As they followed the road further north and east, they started to see more people using it. Nearly all of them were warriors who had either missed the chance to do battle with the Lochlannach or, shamed by running and hiding, were heading south. The warriors came from disparate tribes and there appeared to be an uneasy truce among them.

Britha and the others were cursed for cowards when it became apparent they were heading away from the spawn, which resulted in a series of challenges being fought along the road. Ysgawyn made sure they picked their victims very shrewdly, and each new victory meant that the dead warrior’s horse, armour and weapons were forfeit to the Corpse People. They took what they could use and traded the rest.
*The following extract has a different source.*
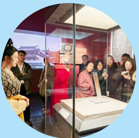
河南博物院镇院之宝武则天金简引围观。

“这一现象并不意外，生动诠释了影视、综艺对文物IP塑造与传统文化传播的强大助推力。”宋朝丽表示，影视剧和文艺节目为文物注入故事性灵魂，让文物IP从抽象概念变得鲜活立体。文创热销更说明影视综艺等对文物IP和传统文化的助推不止于线上热度，更能转化为线下实际消费动能，带动文物所在地文旅和文创产业消费，激发更多创造者对传统文化题材的兴趣，推动传统文化的可持续传播。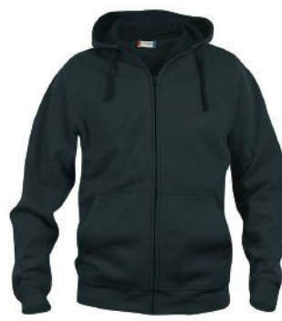
CLIQUE BASIC HOODY FZ 6500-021034

Mukava huppari, joka on valmistettu pehmeästä ja joustavasta kierrätetystä polyesteristä. Kaksi vetoketjullista sivutaskua. Ergonominen, joustava istuvuus.

Ysgawyn made one miscalculation and another of the Corpse People died. Now only four remained: Brys and Gwynn – both of whom Britha was starting to like despite herself, Ysgawyn and Madawg. Madawg looked too frail to be a warrior, particularly after the ravages of the Corpse People’s flight. He was nearly silent, and his odd, narrow face had a complexion so sallow he looked ill. His dark hair was thin and receding. Despite his appearance, however, he was a cunning, vicious and very fast fighter. He’d won the challenge he fought because the other warrior had woefully underestimated him.